Most people regard peak-hour traffic congestion as an unmitigated evil, but that viewpoint is incorrect. Congestion is a vital de facto device we use to ration the scarce space on our roads during periods when too many people want to use that space at once. In effect, congestion is a balancing mechanism that enables us to pursue many other goals besides rapid movement -- goals American society values highly. Those goals include having a wide variety of choices about where to live and where to work, working during similar hours so we can interact with each other efficiently, living in low-density settlement patterns, and enjoying highly flexible means of movement -- that is, private vehicles. The only other possible means of rationing highway space when too many people want to use it would be (1) charging high tolls to keep many people off the roads then, which most Americans decisively reject because it would unduly favor the wealthy, or (2) spending enormously more money to build enough roads to handle all peak-hour traffic without delays. But that would require turning metropolitan areas into virtual cement slabs -- which would be environmentally undesirable and prohibitively costly. Since we wisely reject those means of allocating road space, we must use delays from overcrowding in order to pursue the other goals we want to achieve. So congestion makes possible large-scale social benefits as well as the costs of delay on which most people focus when they think about it.

Peak-Hour Congestion Is Inevitably Going to Get Worse All Over the World

Because it performs a critical rationing function, traffic congestion is inescapable in large modern and modernizing metropolitan areas all over the world. In fact, it is certain to get worse in almost all of those areas, because populations are growing, and higher fractions of those increased populations will be using private vehicles for movement. So the biggest future ground transportation problem everywhere in the world will be coping with immense increases in the number of vehicles in use. In the United States, since 1980, we have added 1.2 cars, trucks, or buses to our registered vehicle population for every one person added to our human population. (This ratio was 1.49 to 1 in the 1980s, but declined to 1 to 1 in the 1990s.) In addition, we have increased the average number of miles each vehicle is driven each year. Hence total vehicle miles traveled increased by 72 percent from 1980 to 1998; whereas our total population increased by less than 20 percent.

In the 1990s, we added 32 million persons to our human population, and we may do so again in each of the next two decades. Unless American behavior changes radically, that means we will add as many as 64 million more vehicles to our registered vehicle population by 2020. Coping with the added traffic generated by this increase will be the main challenge to our ground transportation policy in the next two decades. Without doubt, traffic congestion will get worse because of these population dynamics.

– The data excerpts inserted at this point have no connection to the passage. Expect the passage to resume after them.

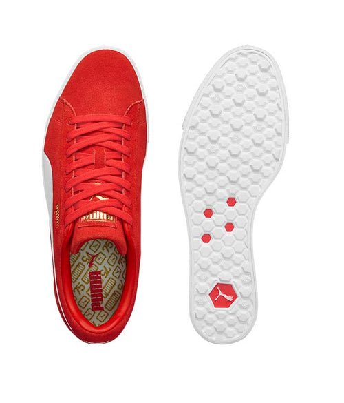 Puma Fusion Suede For All Time LE Golf Shoes. You can't go wrong with a classic! A limited edition shoe released to celebrate Puma's 75th anniversary. The PUMA Fusion Suede boasts features of a performance shoe while keeping traditional style. FUSIONFOAM technology provides unrivalled energy return and cushioning to keep you comfortable all day long. Strategic soles with hidden, recessed grip gives this shoe a fashion-forward look with superior spikeless traction.
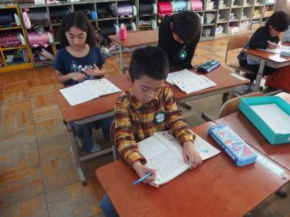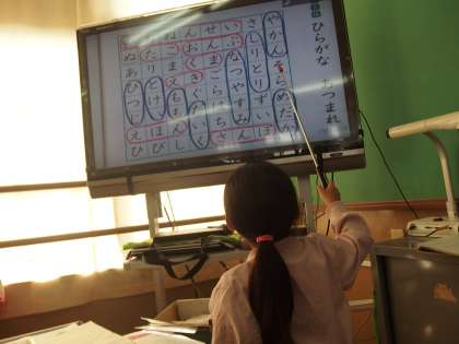 ひらがながランダムに書かれている表から,いろいろな言葉を探しました。身を乗り出して探す子もいました。
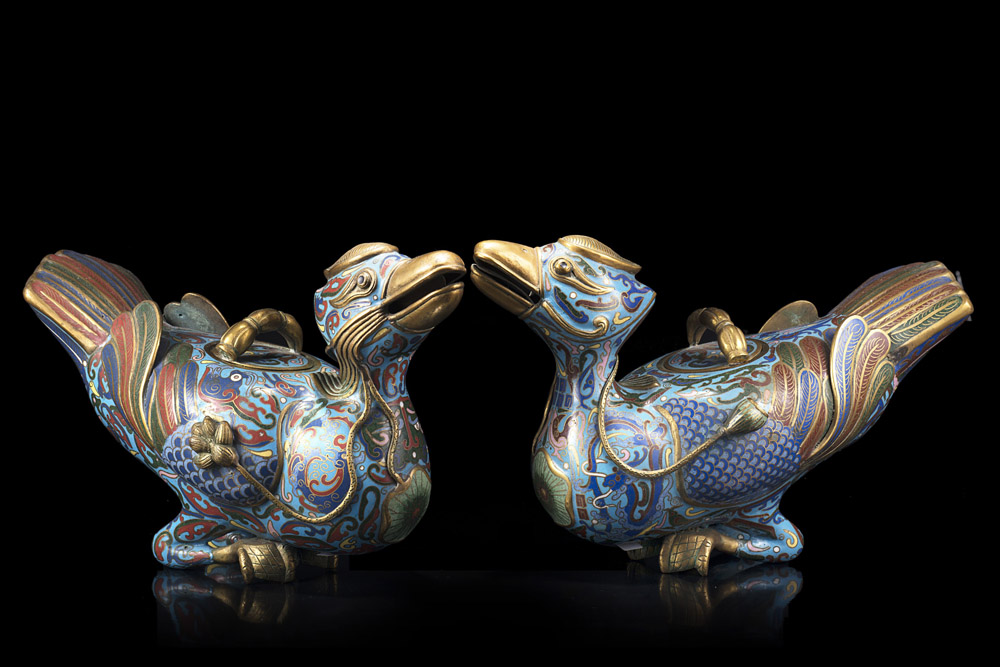 Coppia di brucia incenso a guisa di anatre mandarine in metallo cloisonnè, in posizione accovacciata, nel becco tengono foglie e fiori di loto, il corpo ed il piumaggio in smalti policromi su fondo turchese (lievi difetti) Cina, fine sec. XIX A pair of cloisonnè enamel 'mandarin ducks' censers, each modelled crouching, grasping a lotus stalk with the beak, the body and plumage in colourful enamels against a turquoise ground (minor flaws) China, late 19th century (l. max. 30 cm.)
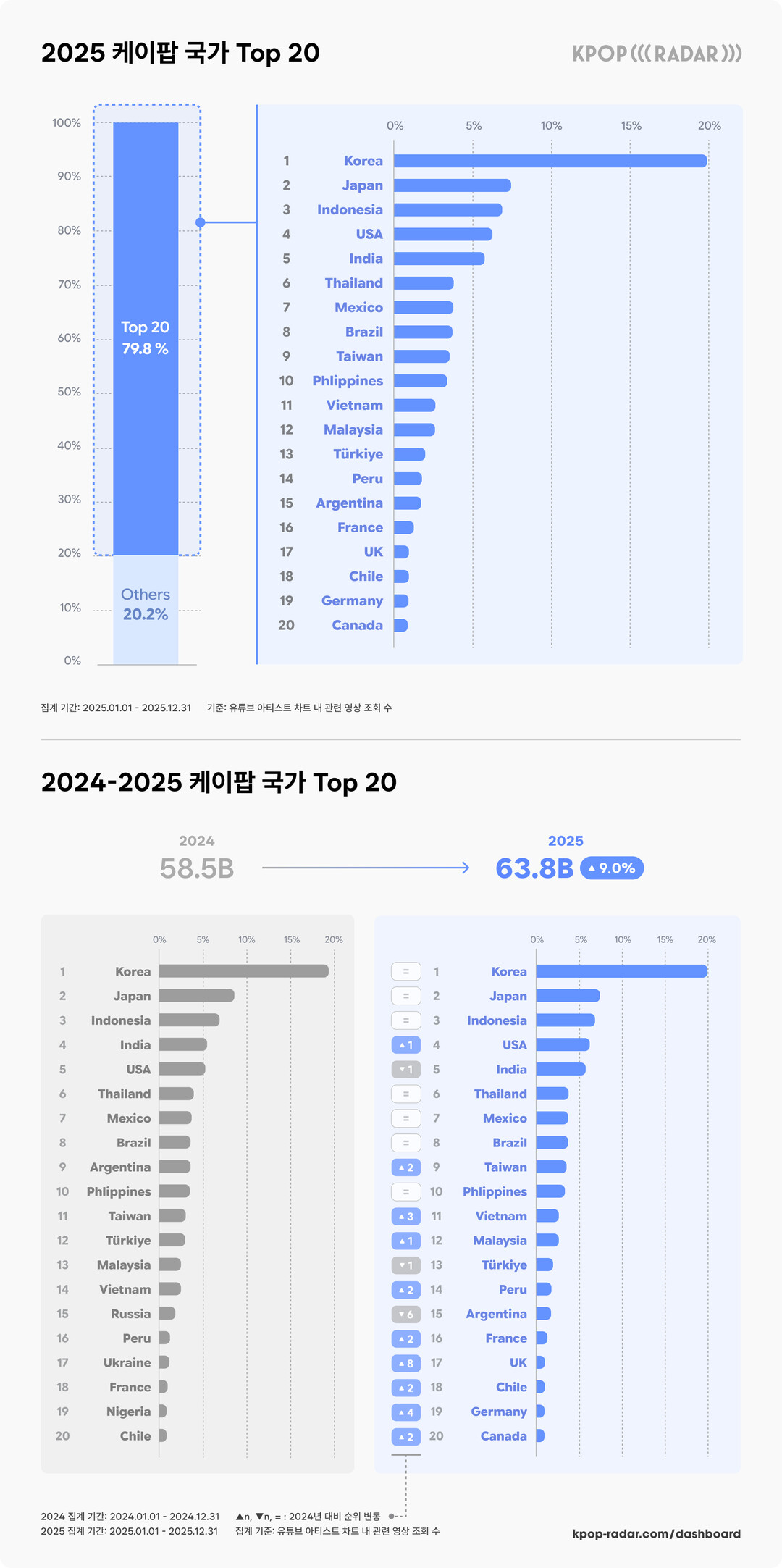 케이팝레이더는 2025년 1월 1일부터 12월 31일까지 유튜브 아티스트 차트 내 관련 영상 조회 수를 집계해 한 해 동안의 글로벌 케이팝 흐름을 분석했으며, 그 결과를 ‘2025 케이팝 세계지도’로 정리했다. 국가 편에서는 국가별 케이팝 소비 규모 및 아티스트 점유율, 성장률 변화를 통해 각 국가에서 가장 인기 있는 아티스트를 한눈에 보여준다.

Peak-Hour Congestion Is Almost Impossible to Eliminate Once It has Appeared

Once peak-hour congestion appears on a major roadway, it cannot be entirely eliminated by expanding the capacity of that road, though its duration can be reduced. That is because of the operation of the Principle of Triple Convergence. If the road's capacity is expanded, traffic at first moves faster on that road. But soon people realize this, and start altering their behavior. Drivers converge on the expanded road from other routes they have been using to escape congestion, from other times they have been using to avoid it, and even from other modes like buses or trains. Soon the increase in vehicles overloads the expanded road once again until traffic at the peak hour is moving no faster than before. True, the peak period may be shorter and the number of vehicles carried by the road each hour may be larger, since the road's capacity has been expanded. But traffic during the peak period will move no faster than before the road's capacity was increased. This means we cannot "build our way out of congestion" by expanding road capacity on crowded expressways or other key routes, once peak-hour congestion has appeared on them.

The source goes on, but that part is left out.